La explosión messiánica provocada por la victoria de Argentina en el mundial de fútbol, investido el pibe genial con el manto real de la autocracia catarí, ha dejado en la sombra otra imagen menos obvia y por eso mismo más significativa. El presidente de la república francesa, monsieur Macron, fue el único jefe de estado que se ha hecho ver en el campeonato si exceptuamos la anecdótica visita que nuestro bienamado rey don Felipe hizo al vestuario de la roja antes de que fuera despedida de la competición, circunstancia que muy bien pudo maliciarse el monarca para optar por una visita temprana y en ese momento exitosa después de la goleada a Costa Rica. Monsieur Macron, no. Estuvo en la tribuna en la semifinal y en la final apoyando a les bleus, como un hincha más que se despoja de la americana para dar alivio a los sudores del trance y se acongoja y entusiasma como un francés cualquiera. La única igualdad que pregona el trilema de la república se da en las gradas del estadio.

Ni siquiera el aciago resultado final le hizo olvidar su papel de hincha mayor de la nación ni sus obligaciones como padre de la patria. Con la grandeur por los suelos, monseiur Macron bajó al césped tras el partido para dar consuelo a los noqueados jugadores franceses, que apuraban el amargo sabor de la derrota.  Mbappé, el héroe de los cuatro goles, el malquerido por Florentino y Pedrerol,  permanecía sentado en el pasto con el rostro impenetrable y el alma rota.

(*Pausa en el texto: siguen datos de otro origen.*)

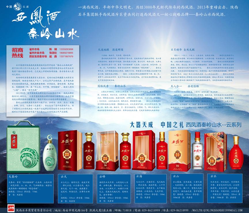 秦嶺山水西鳳酒系列共計(jì)六款產(chǎn)品,分別為:云水、云山、云海、云峰、云天、大秦嶺(禮盒裝),價(jià)位包含了高中低各檔產(chǎn)品。為了將秦嶺山水西鳳酒這一優(yōu)勢(shì)產(chǎn)品選擇全國(guó)各地有實(shí)力的合作伙伴,現(xiàn)對(duì)石羊集團(tuán)各級(jí)合作客戶進(jìn)行秦嶺山水西鳳酒公開(kāi)產(chǎn)品招商,各地有合作意向客戶可聯(lián)系石羊商貿(mào)公司以下相關(guān)人員。

El presidente de la república se acuclilló junto a él, le pasó el paternal brazo por el hombro y le susurró unas palabras al oído, pero el gladiador vencido permaneció inmóvil como un tótem, ni respondió ni miró siquiera al presidente de su país, tan grande e invasiva era su pena, y ante la falta de respuesta emocional, el presidente de la república se levantó, le dispensó unas palmaditas de despedida en el hombro y se fue con la murga a otra parte.

La real capa flotante de Messi y el desdén de Mbappé hacia el presidente de su país constituyen sendos apuntes del estado del mundo. Messi y Mbappé son empleados del estado catarí en el equipo francés en el que juegan, héroes de este tiempo, niños malcriados, ensimismados y codiciosos, intratables en la victoria y en la derrota, habitantes de una galaxia privilegiada cuyos dones sus desmelenados seguidores no pueden ni intuir. Las hinchadas jalean a su selección, los colores de su patria, cuando los estados que representan ya no existen o bracean para no ser sometidos por fuerzas más poderosas que ellos. El presidente de Argentina, un país en crisis crónica, no estuvo en la final para no traer mala suerte a su selección y el presidente francés obtuvo el desprecio de su futbolista estrella. El ganador de este mundial es Catar, un estado sin fútbol, al que han servido de teloneros argentinos y franceses y toda la cohorte futbolística del planeta. Populismo en estado puro: negocios en la tribuna y emociones en las gradas y en la calle.

En el avión que le llevó de vuelta a París, monsieur Macron debió cavilar sobre lo que había pasado en aquellas horas, no al fútbol francés, ni siquiera a Francia, sino a él mismo. Quizás le viniera a mientes el general de Gaulle consolando a, digamos, Raymond Kopa o Just Fontain, con su solemne quepis y su abultada napia a pocos milímetros de la camiseta sudada del futbolista, y la imposible imagen le ha sumido en un mar de melancolía. Francia apostó por Catar para sede del mundial y es posible que las cláusulas secretas de este acuerdo –quién sabe, venta de armas, apoyo diplomático- sigan vigentes, pero este esfuerzo titánico por el bienestar de los franceses y sus negocios no ha sido correspondido por el futbolista de oro, el tipo que ahora representa el estado de ánimo del país mejor que su presidente. Ay.

Entretanto, Irán, otro país participante, sigue ahorcando a disidentes, futbolistas incluidos. Qué tristeza.